■ Record set ■
****************
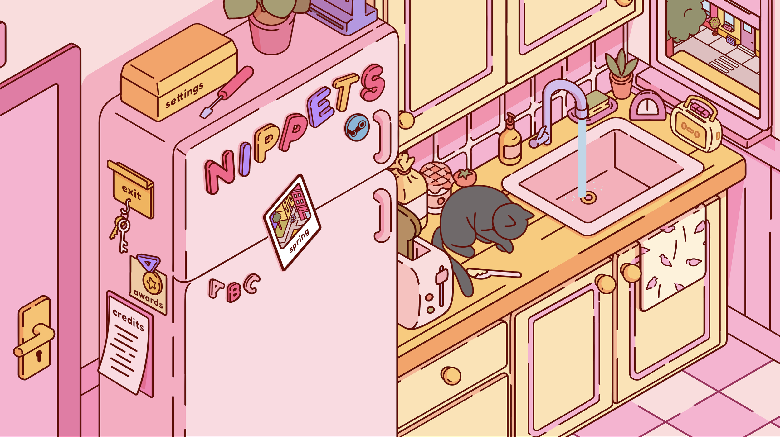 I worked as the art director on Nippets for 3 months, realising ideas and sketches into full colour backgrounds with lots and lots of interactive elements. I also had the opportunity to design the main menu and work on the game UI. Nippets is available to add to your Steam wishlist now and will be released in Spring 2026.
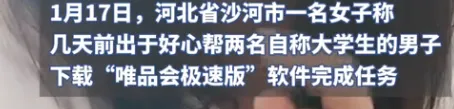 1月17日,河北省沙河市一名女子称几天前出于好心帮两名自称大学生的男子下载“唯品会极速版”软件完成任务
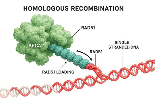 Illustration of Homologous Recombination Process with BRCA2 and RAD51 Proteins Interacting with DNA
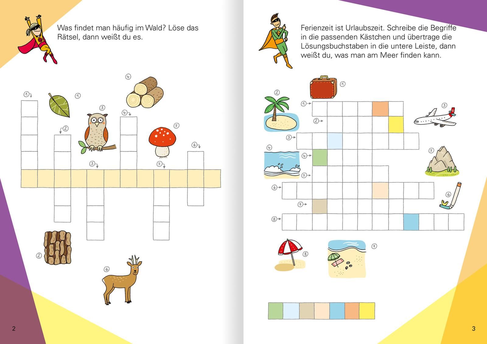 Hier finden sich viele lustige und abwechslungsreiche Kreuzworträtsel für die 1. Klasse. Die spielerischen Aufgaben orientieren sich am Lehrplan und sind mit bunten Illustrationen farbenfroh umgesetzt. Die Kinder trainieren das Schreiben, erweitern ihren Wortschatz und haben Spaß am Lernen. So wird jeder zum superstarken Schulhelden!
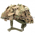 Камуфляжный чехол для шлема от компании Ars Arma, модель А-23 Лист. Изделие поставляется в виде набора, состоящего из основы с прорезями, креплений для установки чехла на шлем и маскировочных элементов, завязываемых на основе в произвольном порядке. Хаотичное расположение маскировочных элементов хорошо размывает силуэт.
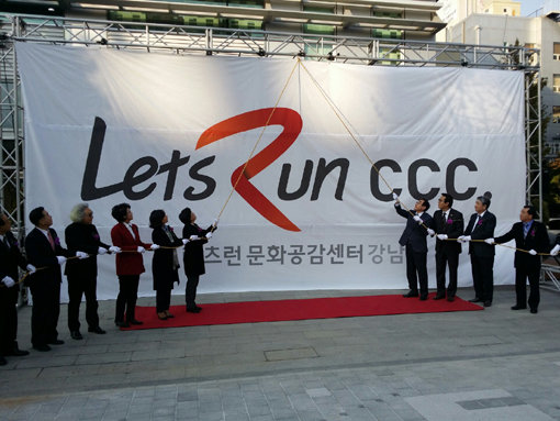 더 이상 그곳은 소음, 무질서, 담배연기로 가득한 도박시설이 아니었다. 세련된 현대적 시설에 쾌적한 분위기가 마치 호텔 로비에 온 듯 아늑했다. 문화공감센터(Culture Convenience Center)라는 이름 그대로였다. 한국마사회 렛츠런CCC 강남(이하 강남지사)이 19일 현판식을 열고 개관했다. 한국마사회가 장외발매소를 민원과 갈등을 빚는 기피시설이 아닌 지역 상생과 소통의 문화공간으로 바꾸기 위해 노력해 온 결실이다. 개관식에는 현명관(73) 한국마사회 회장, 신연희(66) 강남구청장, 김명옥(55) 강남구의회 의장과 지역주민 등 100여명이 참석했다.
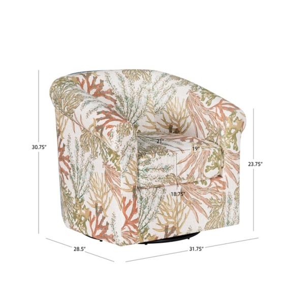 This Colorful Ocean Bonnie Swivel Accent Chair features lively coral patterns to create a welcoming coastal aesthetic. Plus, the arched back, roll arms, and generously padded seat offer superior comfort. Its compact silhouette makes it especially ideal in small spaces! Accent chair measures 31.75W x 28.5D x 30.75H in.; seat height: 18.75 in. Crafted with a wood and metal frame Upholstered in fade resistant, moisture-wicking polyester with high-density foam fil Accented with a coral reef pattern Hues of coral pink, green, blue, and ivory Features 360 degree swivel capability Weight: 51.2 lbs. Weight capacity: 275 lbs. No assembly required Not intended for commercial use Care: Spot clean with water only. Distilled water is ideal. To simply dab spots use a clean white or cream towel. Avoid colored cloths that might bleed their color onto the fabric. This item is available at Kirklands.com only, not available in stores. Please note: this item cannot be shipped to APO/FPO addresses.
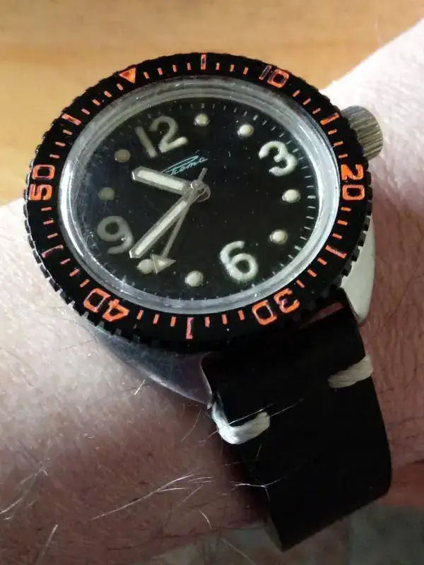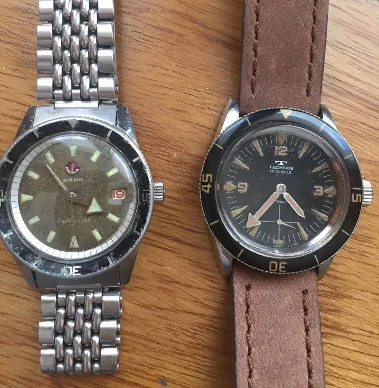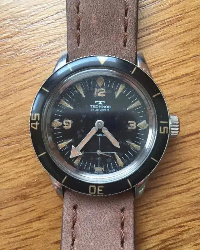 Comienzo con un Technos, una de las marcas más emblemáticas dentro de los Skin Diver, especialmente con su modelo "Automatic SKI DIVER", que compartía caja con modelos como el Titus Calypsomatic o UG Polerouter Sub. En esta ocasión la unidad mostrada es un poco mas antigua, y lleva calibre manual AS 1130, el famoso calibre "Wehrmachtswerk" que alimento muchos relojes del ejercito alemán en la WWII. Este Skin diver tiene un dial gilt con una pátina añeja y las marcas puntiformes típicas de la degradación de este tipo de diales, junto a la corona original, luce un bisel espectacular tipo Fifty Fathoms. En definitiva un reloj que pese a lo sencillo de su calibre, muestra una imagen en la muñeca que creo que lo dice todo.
****************
■ Assignment ■
Nothing should appear in the answer except the lines from the first line of the data through the line holding "더 이상 그곳은 소음, 무질서, 담배연기로", exactly as written, with pictures left out.

■ Expected answer ■
 I worked as the art director on Nippets for 3 months, realising ideas and sketches into full colour backgrounds with lots and lots of interactive elements. I also had the opportunity to design the main menu and work on the game UI. Nippets is available to add to your Steam wishlist now and will be released in Spring 2026.
 1月17日,河北省沙河市一名女子称几天前出于好心帮两名自称大学生的男子下载“唯品会极速版”软件完成任务
 Illustration of Homologous Recombination Process with BRCA2 and RAD51 Proteins Interacting with DNA
 Hier finden sich viele lustige und abwechslungsreiche Kreuzworträtsel für die 1. Klasse. Die spielerischen Aufgaben orientieren sich am Lehrplan und sind mit bunten Illustrationen farbenfroh umgesetzt. Die Kinder trainieren das Schreiben, erweitern ihren Wortschatz und haben Spaß am Lernen. So wird jeder zum superstarken Schulhelden!
 Камуфляжный чехол для шлема от компании Ars Arma, модель А-23 Лист. Изделие поставляется в виде набора, состоящего из основы с прорезями, креплений для установки чехла на шлем и маскировочных элементов, завязываемых на основе в произвольном порядке. Хаотичное расположение маскировочных элементов хорошо размывает силуэт.
 더 이상 그곳은 소음, 무질서, 담배연기로 가득한 도박시설이 아니었다. 세련된 현대적 시설에 쾌적한 분위기가 마치 호텔 로비에 온 듯 아늑했다. 문화공감센터(Culture Convenience Center)라는 이름 그대로였다. 한국마사회 렛츠런CCC 강남(이하 강남지사)이 19일 현판식을 열고 개관했다. 한국마사회가 장외발매소를 민원과 갈등을 빚는 기피시설이 아닌 지역 상생과 소통의 문화공간으로 바꾸기 위해 노력해 온 결실이다. 개관식에는 현명관(73) 한국마사회 회장, 신연희(66) 강남구청장, 김명옥(55) 강남구의회 의장과 지역주민 등 100여명이 참석했다.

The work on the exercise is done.